**Work task**
Transcribe exactly the lines from the one holding "Classic Italian design" through the closing line of the entries below. Pictures stay out of the copy.

[Stored items]
<<<<

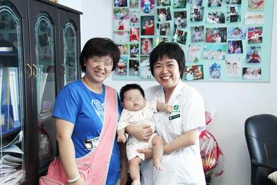 图为刘女士带着儿子来向广州圣丹福医院主任报喜
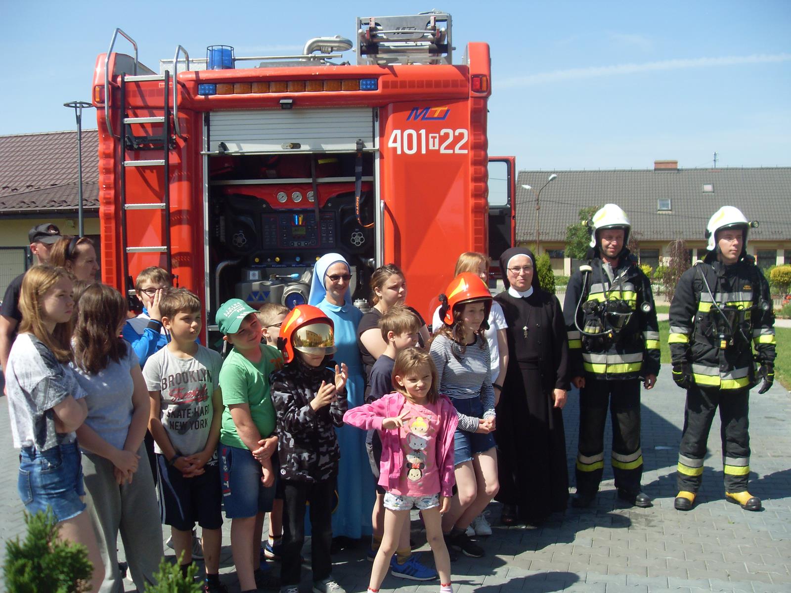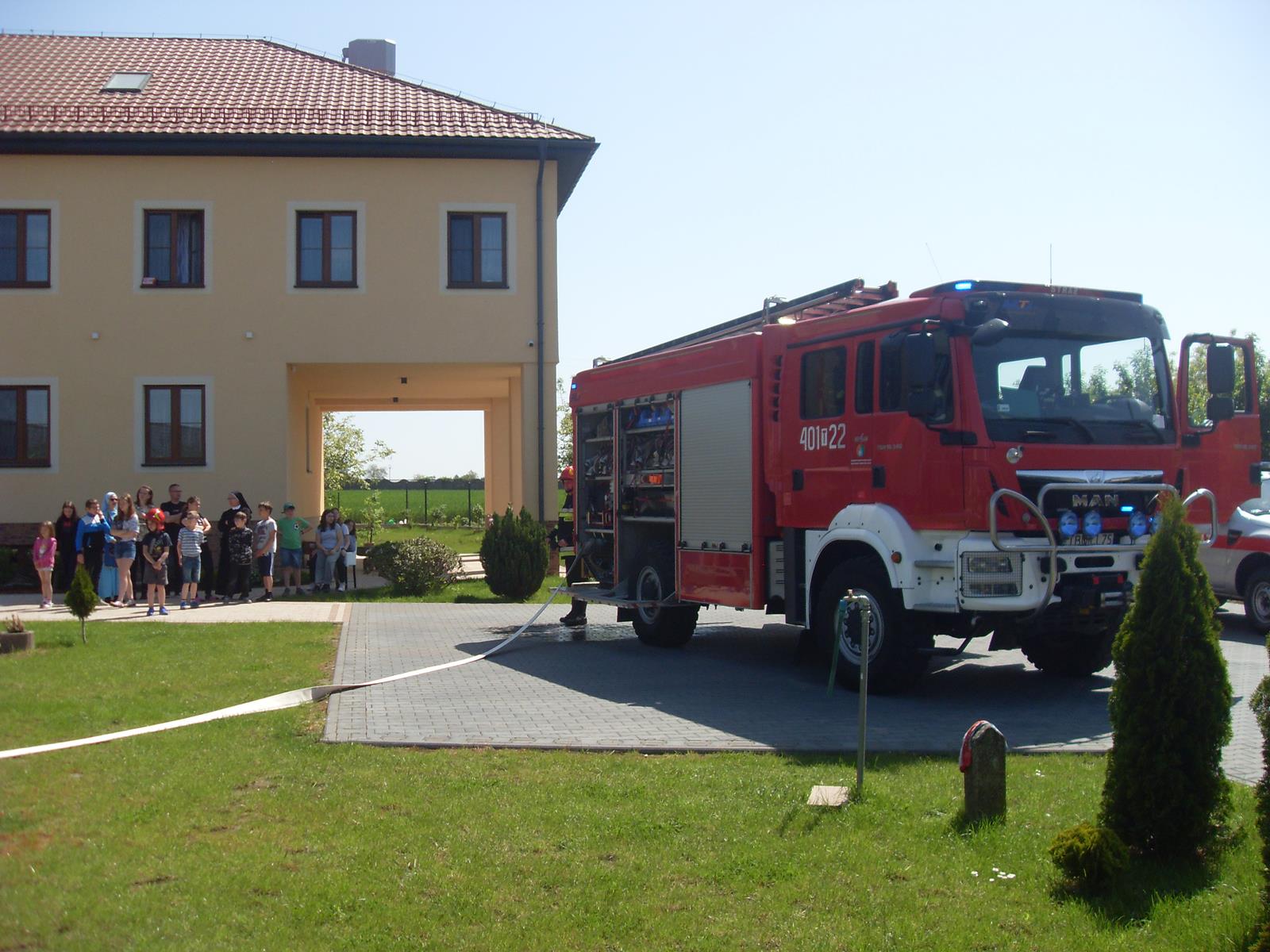Ponadto po przeprowadzonych ćwiczeniach strażacy zapoznali dzieci mieszkające w „Domu Ojca Gwidona” ze sprzętem wykorzystywanym w akcjach ratowniczo- gaśniczych.
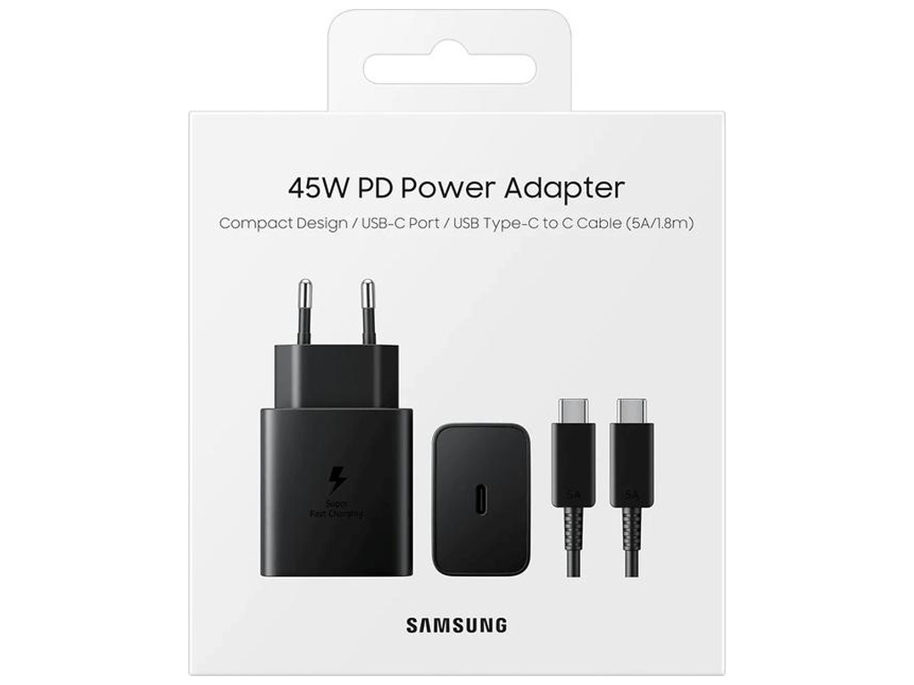 Сетевое зарядное устройство Samsung 45w, type-c 1:1, быстрая зарядка, цвет чёрный
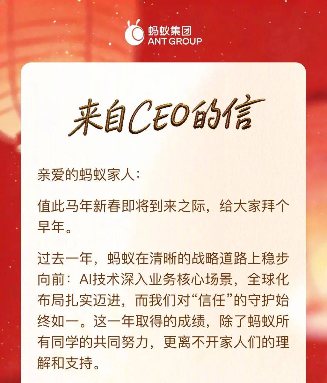 据新浪科技报道,蚂蚁集团 CEO 韩歆毅近日向全体员工发布内部信,总结过去一年在 AI 应用、支付创新与全球化布局上的进展,并披露多项关键业务数据。
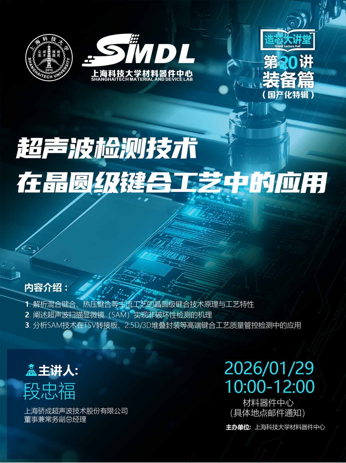 上海科技大学材料器件中心《造芯大讲堂》系列课程第二十讲【装备篇】(国产化特辑)将于1月29日上午开课,主题为《超声波检测技术在晶圆级键合工艺中的应用》。诚邀感兴趣的师生和用户参加!
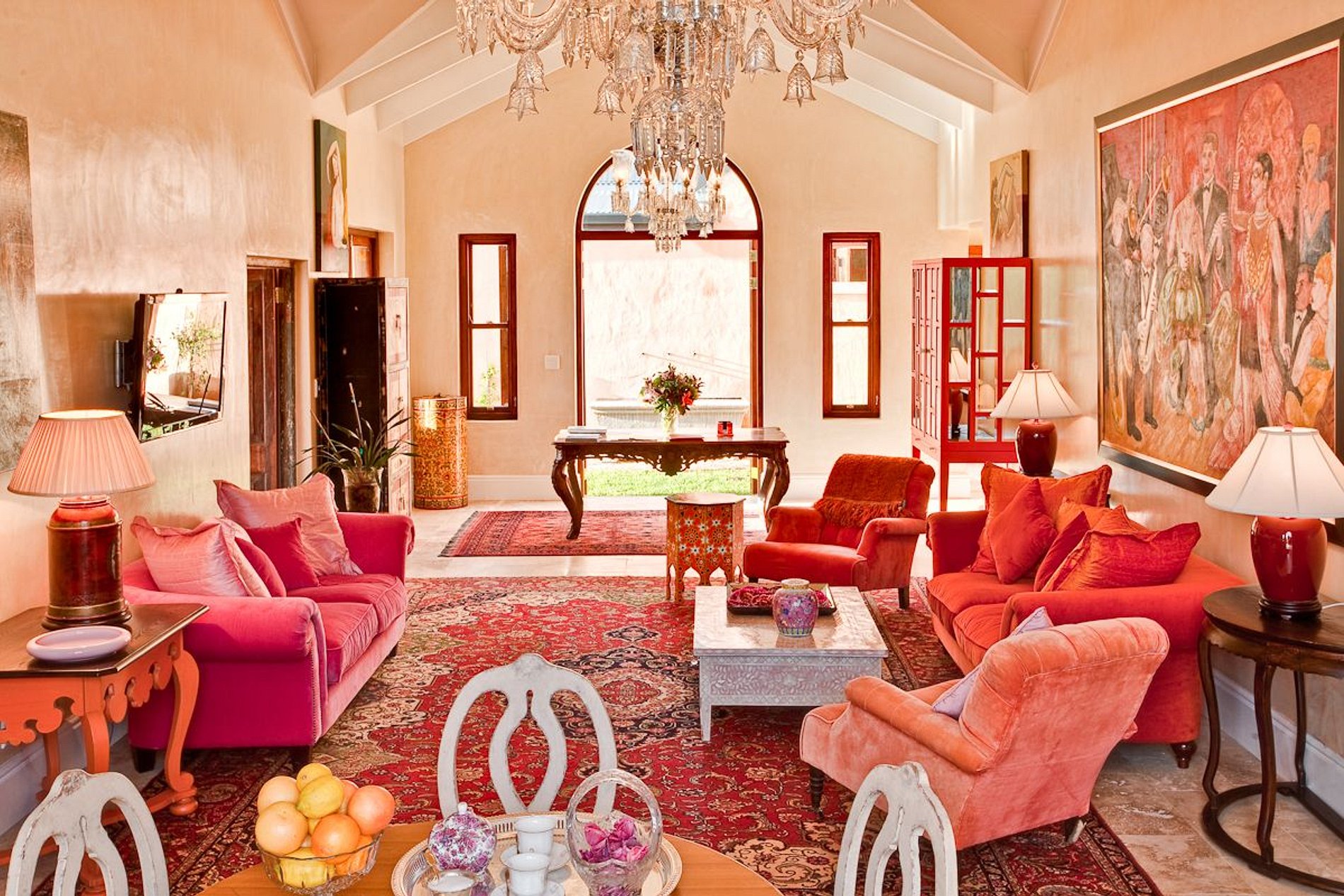 Brilhantes lustres indianos pendem do teto abobadado, obras de arte originais e grandes espelhos enfeitam as paredes, enquanto os móveis de Liz Biden são macios, coloridos e elegantes. Antiguidades elegantes e flores requintadas criam uma sensação de refinamento e sofisticação.
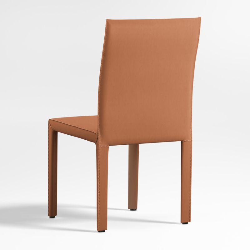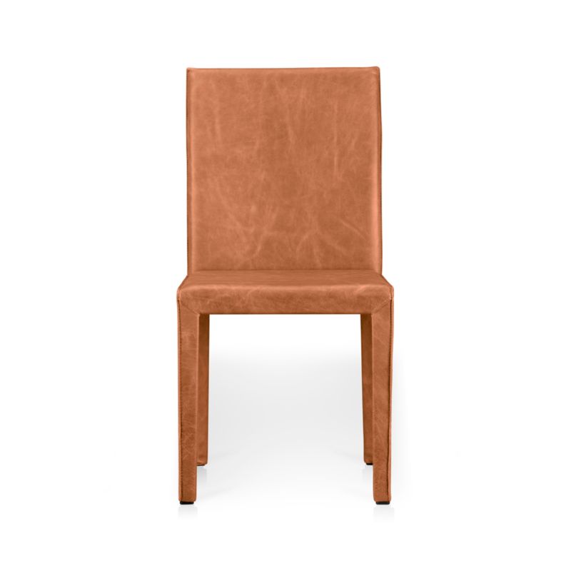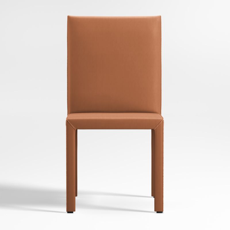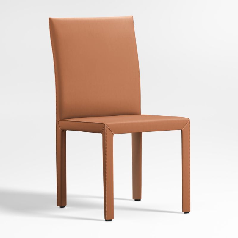 Classic Italian design is reinvented in our luxe whiskey brown side chair, fully wrapped in top-grain, semi-aniline, vegetable-tanned leather and finished with neat mitered corners, flange seaming and stitched construction. Clean Parsons lines with a sturdy, solid steel welded base and comfortable foam-cushioned seat add to the side chair's good looks to make it a customer favorite. The Folio Whiskey Brown Top-Grain Leather Dining Chair is a Crate and Barrel exclusive.
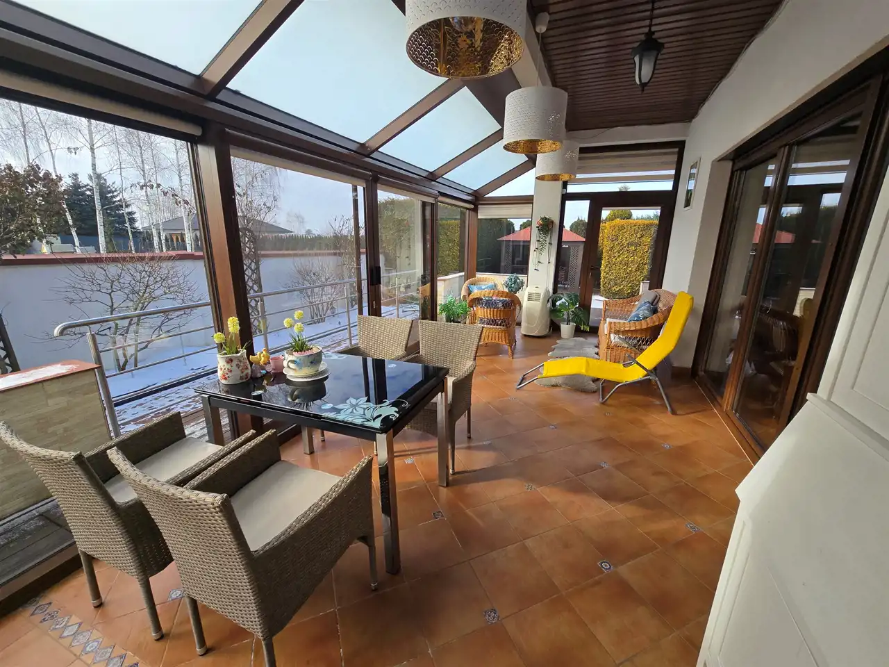 Duży, otwarty salon posiada bezpośrednie wyjście na piękny ogród zimowy.

>>>>

**Finished exercise**
 Classic Italian design is reinvented in our luxe whiskey brown side chair, fully wrapped in top-grain, semi-aniline, vegetable-tanned leather and finished with neat mitered corners, flange seaming and stitched construction. Clean Parsons lines with a sturdy, solid steel welded base and comfortable foam-cushioned seat add to the side chair's good looks to make it a customer favorite. The Folio Whiskey Brown Top-Grain Leather Dining Chair is a Crate and Barrel exclusive.
 Duży, otwarty salon posiada bezpośrednie wyjście na piękny ogród zimowy.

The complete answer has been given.